The I/O interface 28 is responsible for controlling and interfacing
the processor 12 to the network devices 14, 16. The memory system
18 includes a Dynamic Random Access Memory (DRAM) 34, which is
accessed using a DRAM controller 36 and a Static Random Access
Memory (SRAM) 38, which is accessed using an SRAM controller 40.
Although not shown, the processor 12 also would include a
nonvolatile memory to support boot operations. The DRAM 34 and DRAM
controller 36 are typically used for processing large volumes of
data, e.g., processing of payloads from network packets. In a
networking implementation, the SRAM 38 and SRAM controller 40 are
used for low latency, fast access tasks, e.g., accessing look-up
tables, memory for the processor 24, and so forth. The microengines
20 can execute memory reference instructions to either the DRAM
controller 36 or the SRAM controller 40.
[0012] The devices 14 and 16 can be any network devices capable of
transmitting and/or receiving network traffic data, such as
framing/MAC devices, e.g., for connecting to 10/100BaseT Ethernet,
Gigabit Ethernet, ATM or other types of networks, or devices for
connecting to a switch fabric. For example, in one arrangement, the
network device 14 could be an Ethernet MAC device (connected to an
Ethernet network, not shown) that transmits packet data to the
processor 12 and device 16 could be a switch fabric device that
receives processed packet data from processor 12 for transmission
onto a switch fabric.
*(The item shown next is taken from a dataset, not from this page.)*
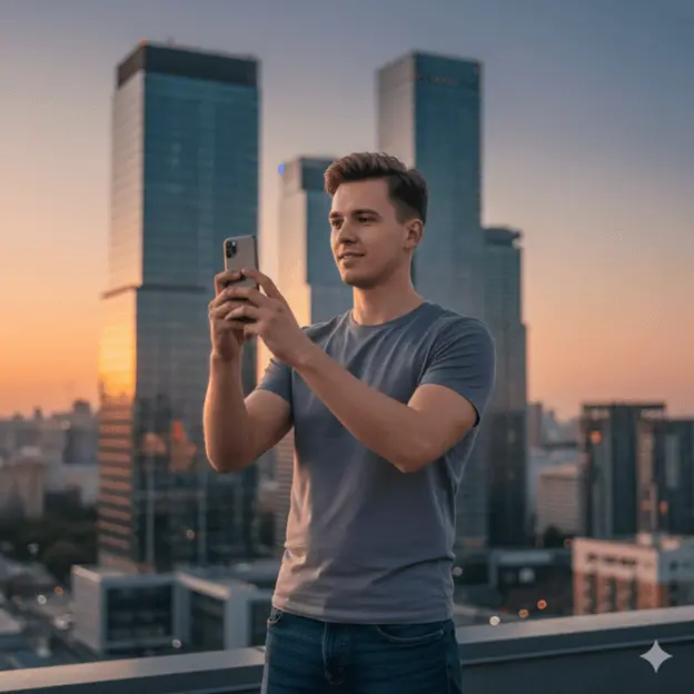 یک عکس حرفهای از یک دختر یا پسر در حال عکاسی با موبایل ایجاد کن که در پسزمینه آن، شهری مدرن در هنگام غروب با نورهای ملایم دیده میشود؛ پسزمینه و رنگ لباسها ساده و یکدست باشد تا بتوان بعداً بهراحتی رنگها، حالوهوا و بکگراند را تغییر و بازطراحی کرد؛ ترکیببندی تصویر متعادل، نور طبیعی و جزئیات واضح در چهره و لباس حفظ شود تا برای ویرایش و ریمیکسهای مختلف تبلیغاتی و محتوایی مناسب باشد.

In such an implementation, that is, when
handling traffic to be sent to a switch fabric, the processor 12
would be acting as an ingress network processor. Alternatively, the
processor 12 could operate as an egress network processor, handling
traffic that is received from a switch fabric (via device 16) and
destined for another network device such as network device 14, or
network coupled to such device. Although the processor 12 can
operate in a standalone mode, supporting both traffic directions,
it will be understood that, to achieve higher performance, it may
be desirable to use two dedicated processors, one as an ingress
processor and the other as an egress processor. The two dedicated
processors would each be coupled to the devices 14 and 16. In
addition, each network device 14, 16 can include a plurality of
ports to be serviced by the processor 12. The I/O interface 28
therefore supports one or more types of interfaces, such as an
interface for packet and cell transfer between a PHY device and a
higher protocol layer (e.g., link layer), or an interface between a
traffic manager and a switch fabric for Asynchronous Transfer Mode
(ATM), Internet Protocol (IP), Ethernet, and similar data
communications applications. The I/O interface 28 includes separate
receive and transmit blocks, each being separately configurable for
a particular interface supported by the processor 12.
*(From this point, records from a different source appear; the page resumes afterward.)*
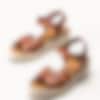 Modellen har flätade remmar framtill som ger ett dekorativt och hantverksinspirerat uttryck, samt ett justerbart spänne över ankeln som gör det enkelt att anpassa passformen efter foten. Den lilla kilklacken tillsammans med den mjuka sulan bidrar till extra komfort och en behaglig gång.
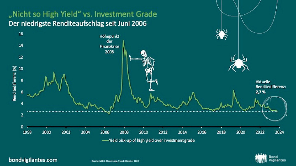 Trotz der beunruhigenden Warnsignale preisen die Kreditmärkte laut M&G nur ein minimales Risiko einer starken Konjunkturverlangsamung ein, ganz zu schweigen von einer Rezession, die die Kreditfundamentaldaten erheblich in Mitleidenschaft ziehen könnte. Tatsächlich ist der Spread zwischen Investment-Grade- und Hochzinsanleihen auf knapp 2,7 Prozent gesunken - den niedrigsten Stand seit 2006. Unterschätzen die Anleger das Potenzial künftiger wirtschaftlicher Turbulenzen?
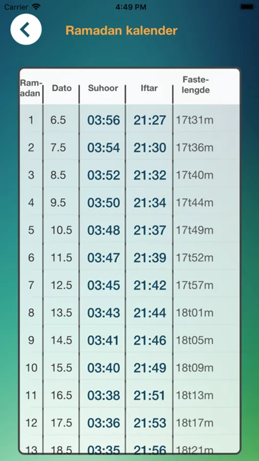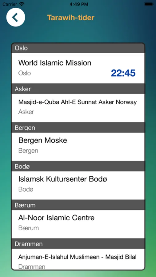 - Den viser bønnetider fra 50 byer i Norge.
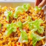 This Hamburger Casserole combines tender elbow macaroni, savory ground beef, and a tangy sauce loaded with pickles, ketchup, mustard, and Worcestershire sauce. Topped with melted cheddar cheese and crisp romaine lettuce, it’s a comforting dish perfect for family dinners or meal prep, delivering familiar cheeseburger flavors in a baked, hearty casserole form.

[0013] Other devices, such as a host computer and/or PCI
peripherals (not shown), which may be coupled to a PCI bus
controlled by the PC interface 26 are also serviced by the
processor 12.
[0014] In general, as a network processor, the processor 12 can
interface to any type of communication device or interface that
receives/sends large amounts of data. The processor 12 functioning
as a network processor could receive units of packet data from a
network device like network device 14 and process those units of
packet data in a parallel manner, as will be described. The unit of
packet data could include an entire network packet (e.g., Ethernet
packet) or a portion of such a packet, e.g., a cell or packet
segment.
[0015] Each of the functional units of the processor 12 is coupled
to an internal bus structure 42. Memory busses 44a, 44b couple the
memory controllers 36 and 40, respectively, to respective memory
units DRAM 34 and SRAM 38 of the memory system 18. The I/O
Interface 28 is coupled to the devices 14 and 16 via separate I/O
bus lines 46a and 46b, respectively.
[0016] Referring to FIG. 2, an exemplary one of the microengines 20
is shown. The microengine (ME) 20 includes a control unit 50 that
includes a control store 51, control logic (or microcontroller) 52
and a context arbiter/event logic 53. The control store 51 is used
to store a microprogram. The microprogram is loadable by the
processor 24.
[0017] The microcontroller 52 includes an instruction decoder and
program counter units for each of supported threads. The The
context arbiter/event logic 53 receives messages (e.g., SRAM event
response) from each one of the share resources, e.g., SRAM 38, DRAM
34, or processor core 24, and so forth. These messages provides
information on whether a requested function has completed.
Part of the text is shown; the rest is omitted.